I pulled into Nazareth
Was feeling 'bout half past dead
I just need someplace
Where I can lay my head
"Hey, mister, can you tell me
Where a man might find a bed?"
He just grinned and shook my hand
"No" was all he said
[Chorus]
Take a load off, Fanny
Take a load for free
Take a load off, Fanny
And (And, and)
You put the load right on me
As the evening went on, more people started arriving, and it probably got to about 40 people. More instruments. Guitars, fiddles, banjo, mandolin, spoons, slide guitar, maybe a bongo. More than half of those people brought their favorite instruments to participate with.
At some stage in the evening, I remember some people left to go into the city, while more arrived and took their space. Several of those who went to the city came back bringing extras with them, having decided that what we had was more fun than what was going on in Auckland City. We went until the early hours of the morning. There were probably some still going when the sun came back around, the fire embers were still hot and there were people in sleeping bags in a rough circle around it.
A few nights ago, I was listening to a music documentary on YouTube as I often do, and someone was disparaging the hippy types who used to string up plastic bags, tie knots in them, and hang them from a roof, lighting the bottom with a match, and watching in a dazed wonder, as the molten plastic dripped to the ground, or into a container of water, making buzzing noises as the molten slag dripped down.

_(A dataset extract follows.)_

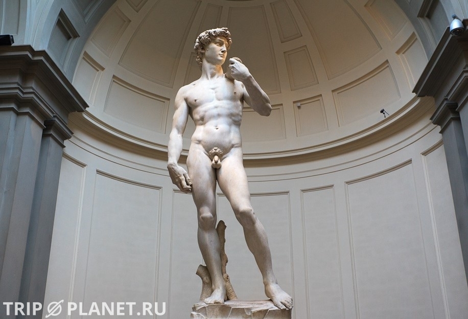 Таким образом, Микеланджело изобразил Давида не в виде хрупкого подростка, попирающего отрубленную голову Голиафа, как это делали мастера XV в. , например, Донателло, а как прекрасного, атлетически сложенного гиганта в момент перед сражением, полного уверенности и грозной силы (современники называли ее terribilita — устрашающая) .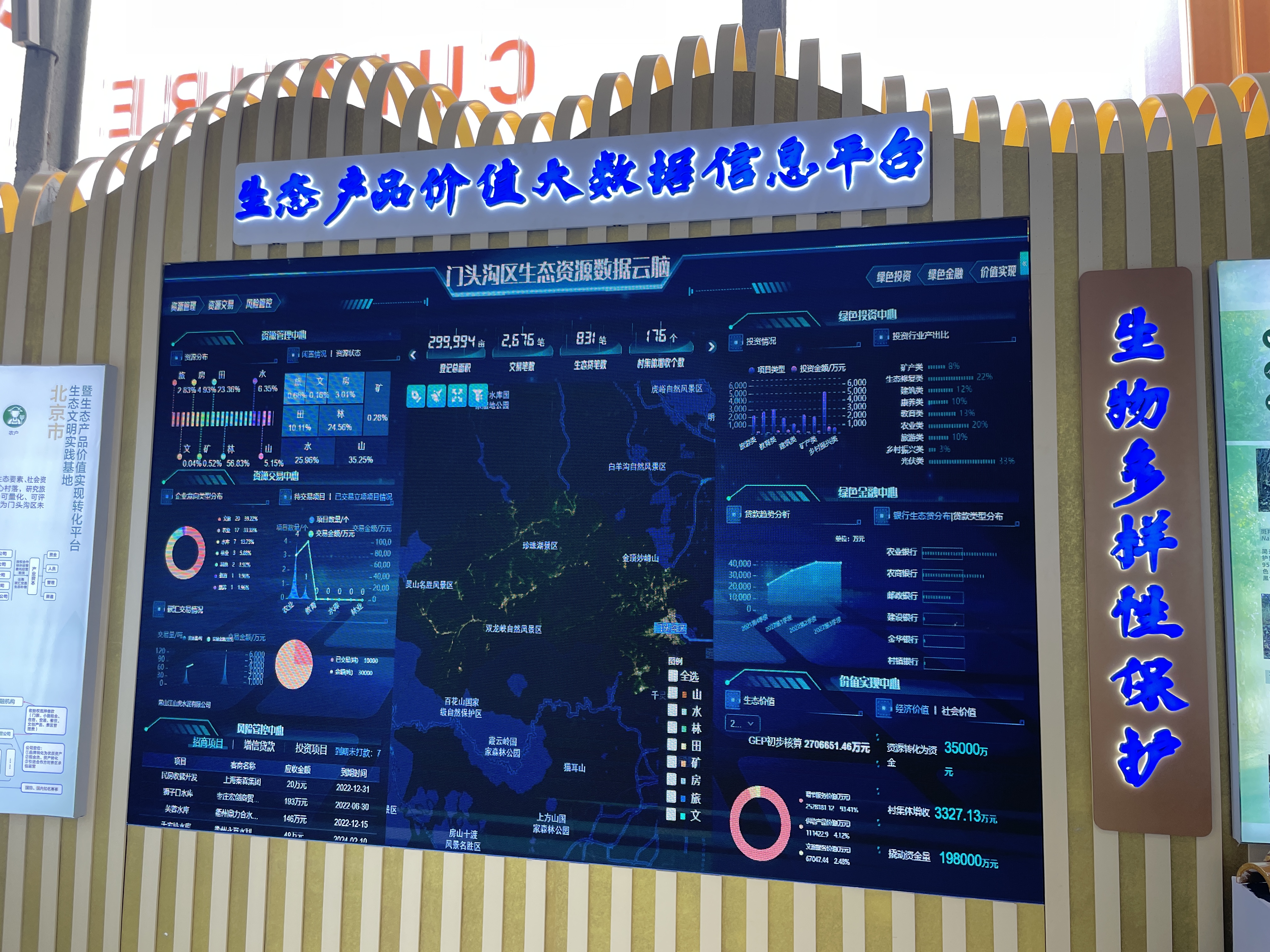 走进展区内,一张生态产品价值大数据信息平台动态效果图格外醒目,图中以灵山、百花山为重点区域,通过数据和图片展示的方式,方便观展者更直观地了解门头沟区各类稀有动植物资源和生物多样性保护的显著成果。

I was introduced to the display on the night of that first jam. They called them zots, which was probably the closest you could get to an onomatopoeic description. A very unsustainable practice, but it was a different time.
The night was a huge success and would be repeated many times over a couple of summers. Most of them were ad hoc, but a lot of people would turn up on a Saturday afternoon or night just in case, and if there were enough of them, it would just happen. We didn’t have mobile phones back then to get the word out, but one way or another it did. We were never short of a crowd of musicians and music lovers.
The Weight takes me back to those days And, and, and You put the load right on me.
Lovely story, Luigi. Another deep slice of New Zealand culture so distinctive, universal spirit with a special local vibe. Also, congratulations on the stable prostate cancer situation. Last month I had a prostate biopsy for the first time. I keep it monitored every year. Results were outstanding: nothing at all to even think about, doctor said call me in a year. This is something men should talk about more: caught early, prostate problems are easily treated.